Data extract:
----------------------------------------

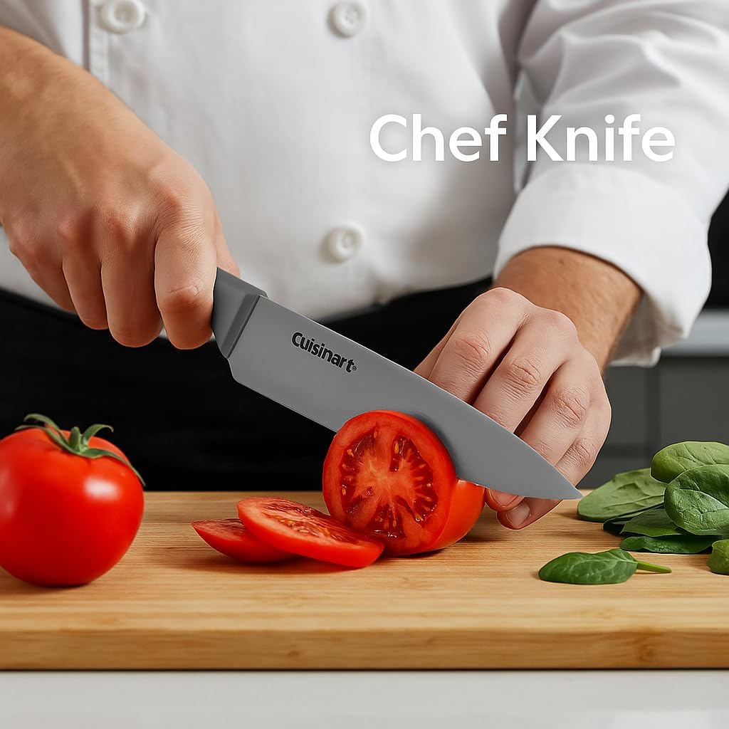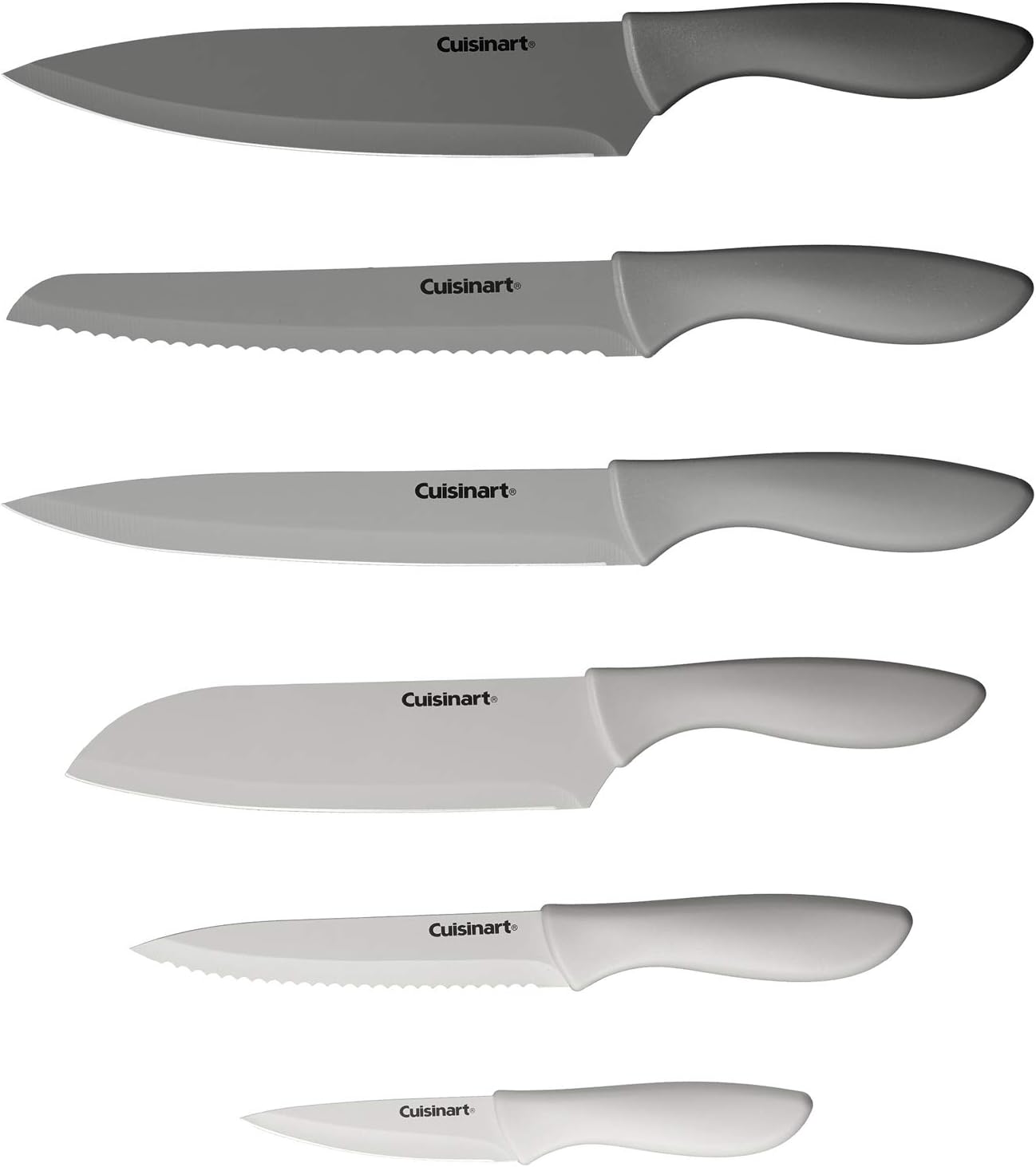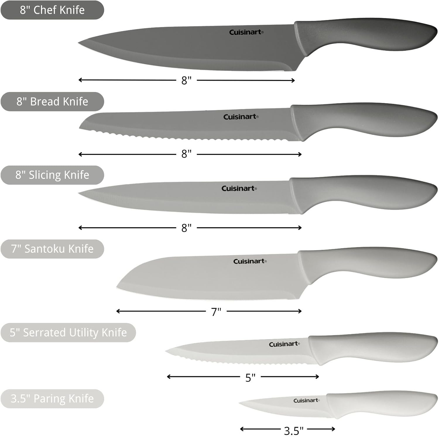 Cuisinart Advantage professional-quality stainless steel knives each have a cutting-edge and ceramic coating. These premium knives come with blade guards and feature ergonomic handles.Product Features:High-quality stainless steel blades ceramiccoating Lifetime warranty from CuisinartIncludes:8″ Chef Knife8″ Slicing Knife8″ Serrated Bread Knife7″ Santoku Knife6.5″ Utility Knife3.5″ Paring KnifeGuards for all knives
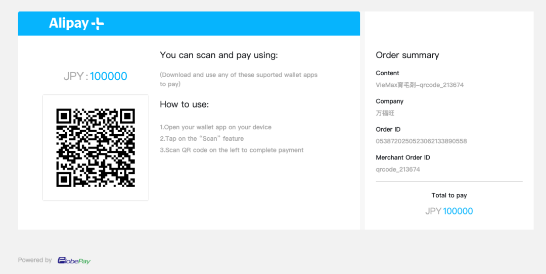 买家在PC端提交订单时选择支付宝支付,GlobePay显示支付宝付款码,买家使用支付宝扫码完成支付。
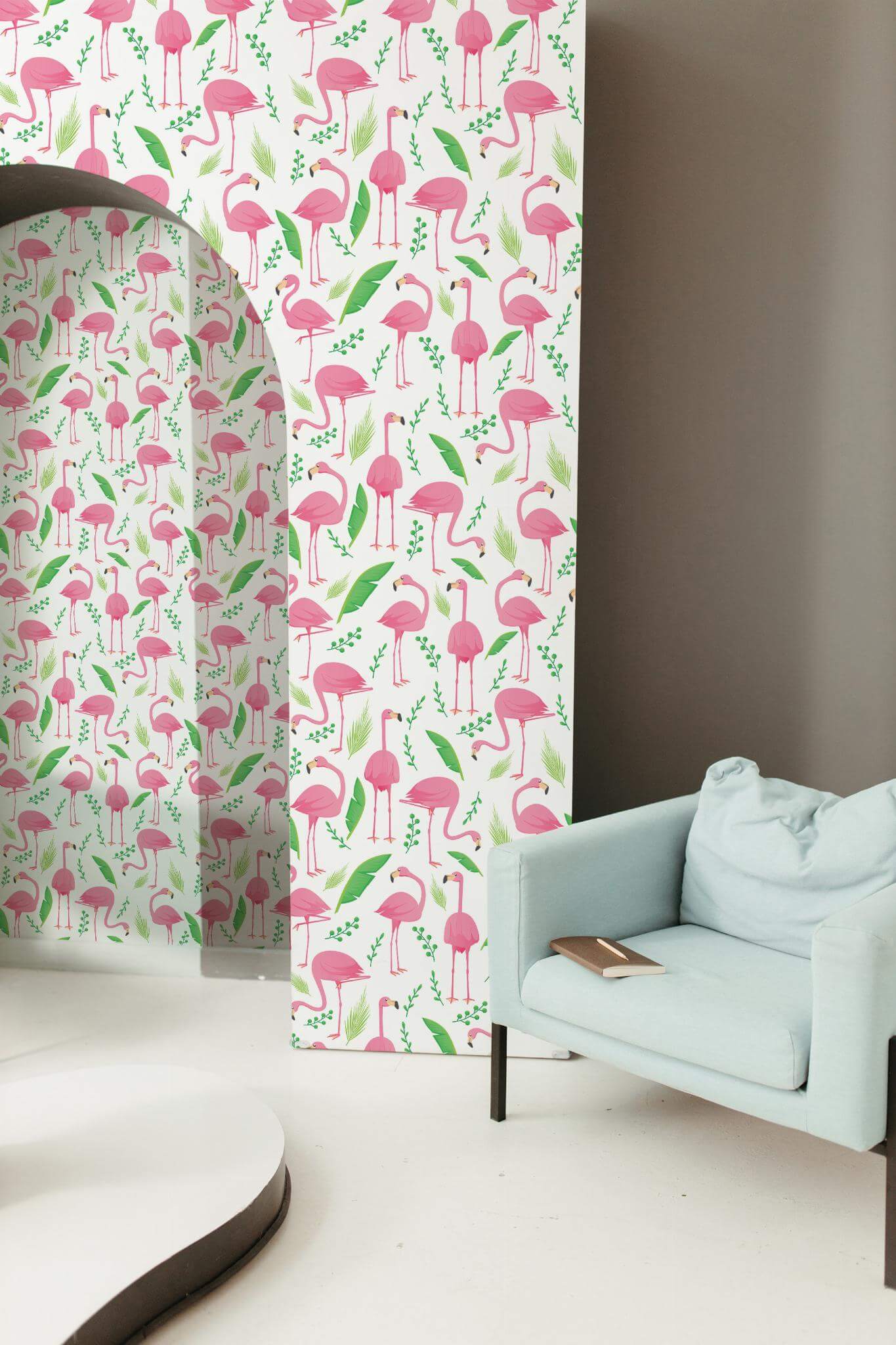 Pink flamingo wallpaper brings a tropical flair to any space with its playful pink flamingos and lush green leaves on a crisp white background, making it an ideal choice for a kids room. This cheerful and vibrant design creates a whimsical, fresh atmosphere that can brighten up not only children’s bedrooms but also playrooms and nurseries, infusing them with a sense of adventure and fun. Pink flamingo wallpaper is available in two options: a peel and stick version, which is self-adhesive and removable, offering an easy application process, and a traditional non-pasted option that requires glue. Let the exotic charm of Pink flamingo transform your home into a lively, colorful paradise, brought to life by a passionate team dedicated to crafting safe, PVC-free wall décor.

----------------------------------------

How to complete this task: Restate the data word for word without pictures.

Answer box:
 Cuisinart Advantage professional-quality stainless steel knives each have a cutting-edge and ceramic coating. These premium knives come with blade guards and feature ergonomic handles.Product Features:High-quality stainless steel blades ceramiccoating Lifetime warranty from CuisinartIncludes:8″ Chef Knife8″ Slicing Knife8″ Serrated Bread Knife7″ Santoku Knife6.5″ Utility Knife3.5″ Paring KnifeGuards for all knives
 买家在PC端提交订单时选择支付宝支付,GlobePay显示支付宝付款码,买家使用支付宝扫码完成支付。
 Pink flamingo wallpaper brings a tropical flair to any space with its playful pink flamingos and lush green leaves on a crisp white background, making it an ideal choice for a kids room. This cheerful and vibrant design creates a whimsical, fresh atmosphere that can brighten up not only children’s bedrooms but also playrooms and nurseries, infusing them with a sense of adventure and fun. Pink flamingo wallpaper is available in two options: a peel and stick version, which is self-adhesive and removable, offering an easy application process, and a traditional non-pasted option that requires glue. Let the exotic charm of Pink flamingo transform your home into a lively, colorful paradise, brought to life by a passionate team dedicated to crafting safe, PVC-free wall décor.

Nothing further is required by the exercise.